### WHAT TO DO
Would you print, word for word, only the lines running from the line with "Confident mature Caucasian" to the last line of the entries, without the pictures?
BEGIN INFORMATION
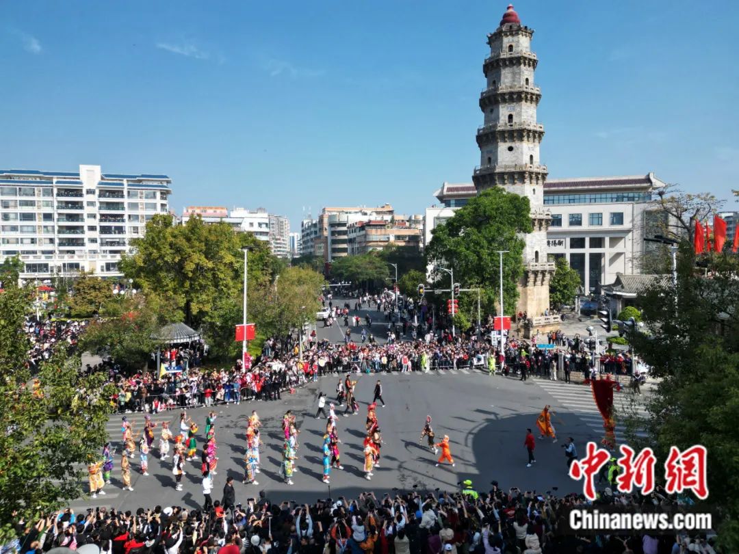 2024年2月14日正月初五,“中华英歌 舞动汕头”春节英歌舞展演巡游活动在广东汕头举行,15支英歌队、近千名“舞者”献上“年味”十足的表演。陈楚红 摄
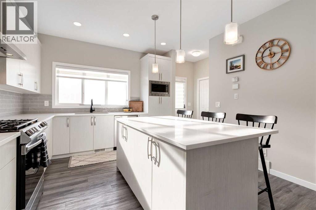 Welcome to this exceptional, fully finished home in the highly sought after lake community of Mahogany. Thoughtfully upgraded and meticulously maintained, this south facing home offers air conditioning, an oversized double detached garage, solar panels and over 2,200 square feet of developed living space; making it truly move in ready! The main floor features an inviting open concept layout with a spacious living room that flows seamlessly into the dining area and kitchen; ideal for both everyday living and entertaining. The kitchen is well appointed with quartz countertops, a full stainless steel appliance package with gas stove, an abundance of cabinetry, a pantry and stunning subway tile. A convenient two piece bathroom and a functional mudroom complete the main floor, adding to the home’s thoughtful and practical design. Upstairs, the primary suite offers a walk in closet and a private ensuite complete with dual vanities and an oversized shower. Two additional bedrooms, a full four piece bathroom and a convenient upper level laundry room provide excellent functionality for families and guests. The fully developed basement, complete with a separate side entry, expands the living space and includes a fourth bedroom, a full bathroom, a recreation room and additional storage. Step outside to enjoy the private, sun drenched south facing backyard, featuring low maintenance stamped concrete, a storage shed and an oversized double detached garage. Recent upgrades include Gemstone exterior lighting, central air conditioning for year round comfort and solar panels. Located just steps from Mahogany Lake, residents enjoy exclusive access to swimming, paddle boarding, skating, and year round community events. This is a rare opportunity to own a turn key home in one of Calgary’s most desirable lake communities; offering not just a home, but a true lifestyle. (id:49203)
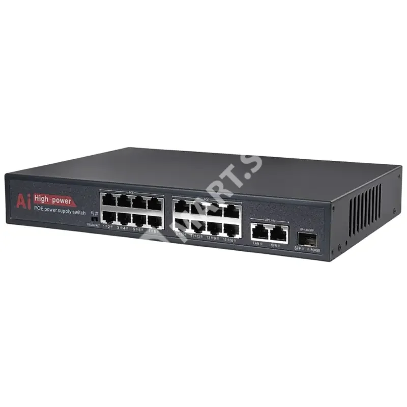 - 16 портов PoE+ с мощностью до 30 Вт каждый: Обеспечивает питание и передачу данных для широкого спектра устройств, включая поворотные камеры, видеодомофоны и профессиональное сетевое оборудование.
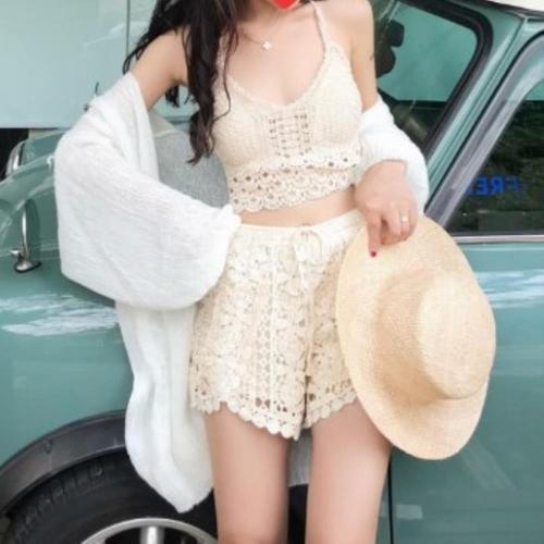 [셀러허브_여성트랜드패션]여성 레이스 여행룩 셋업 SS 크로셰 세트
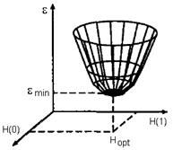 В стационарной среде график зависимости e от коэффициентов H представляет собой чашеобразную поверхность адаптации (рис. 11.1.3). Градиент поверхности:
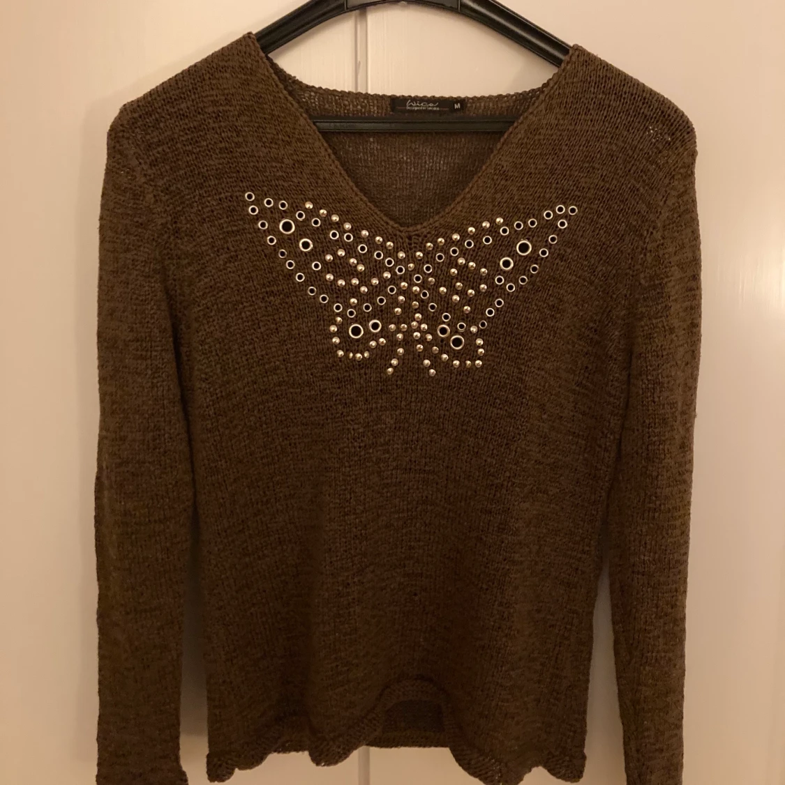 Jättefin brun tröja med en fjäril på bröstet. Nästan helt oanvänd. Möts i Stockholm, annars står köparen för frakt.
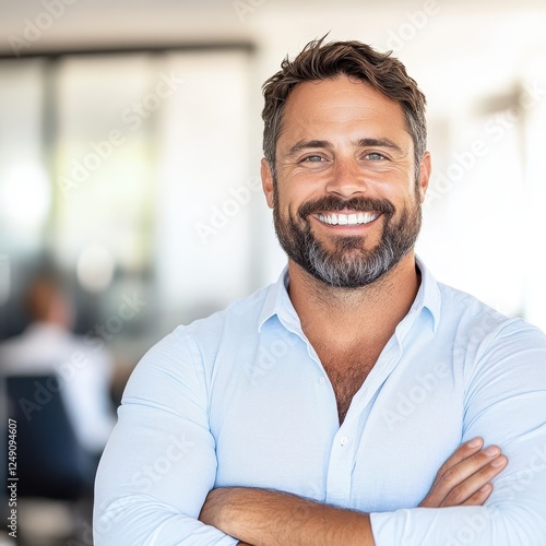 Confident mature Caucasian businessman in his 50s with short gray hair wearing a suit and tie against a neutral background
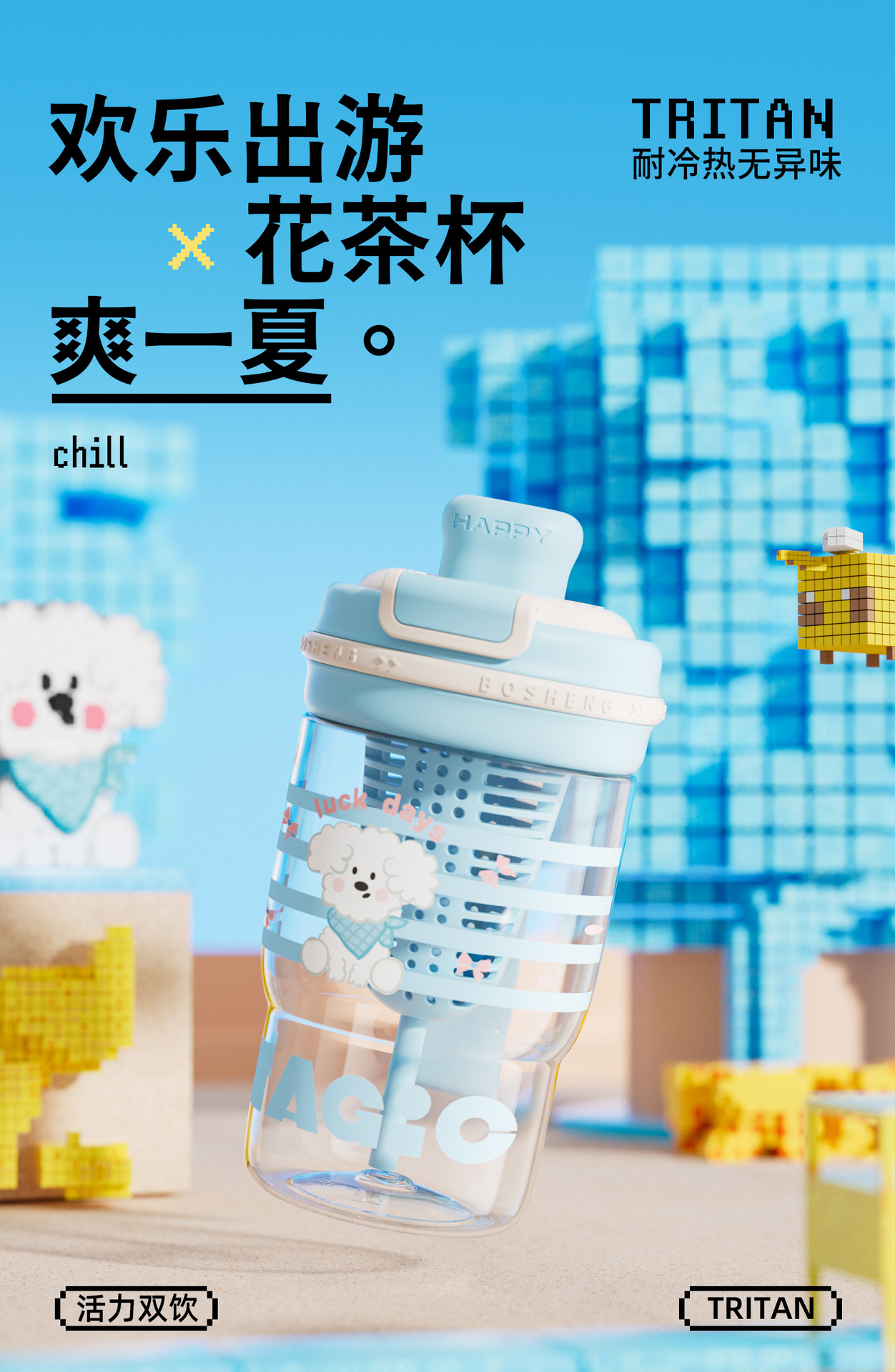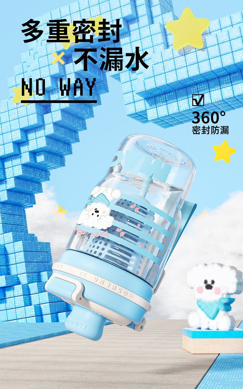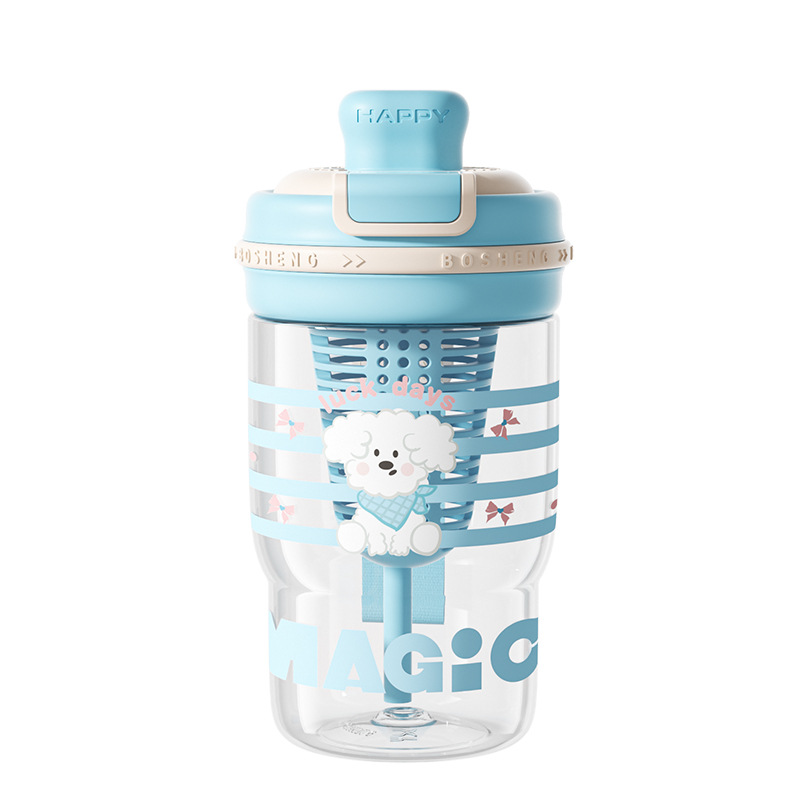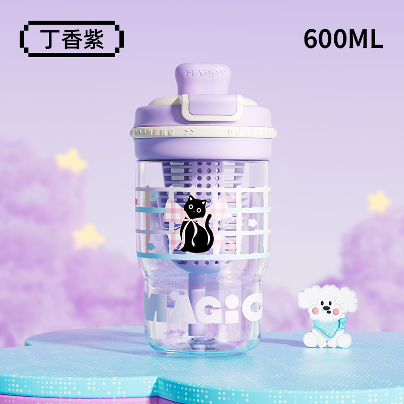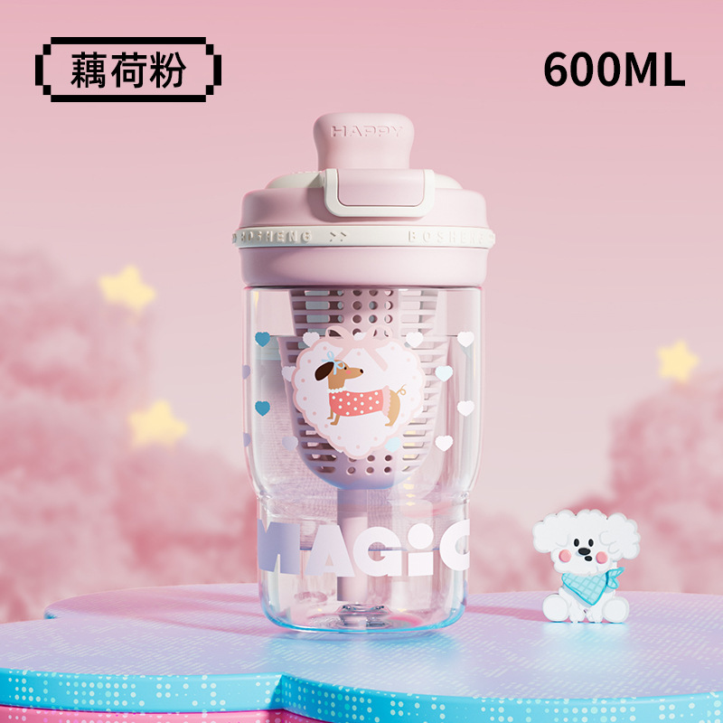 卡通青麦塑料杯携带方便吸丝印设计自带茶隔一杯双饮大容量饮水杯
END INFORMATION
### THE ANSWER
 Confident mature Caucasian businessman in his 50s with short gray hair wearing a suit and tie against a neutral background
 卡通青麦塑料杯携带方便吸丝印设计自带茶隔一杯双饮大容量饮水杯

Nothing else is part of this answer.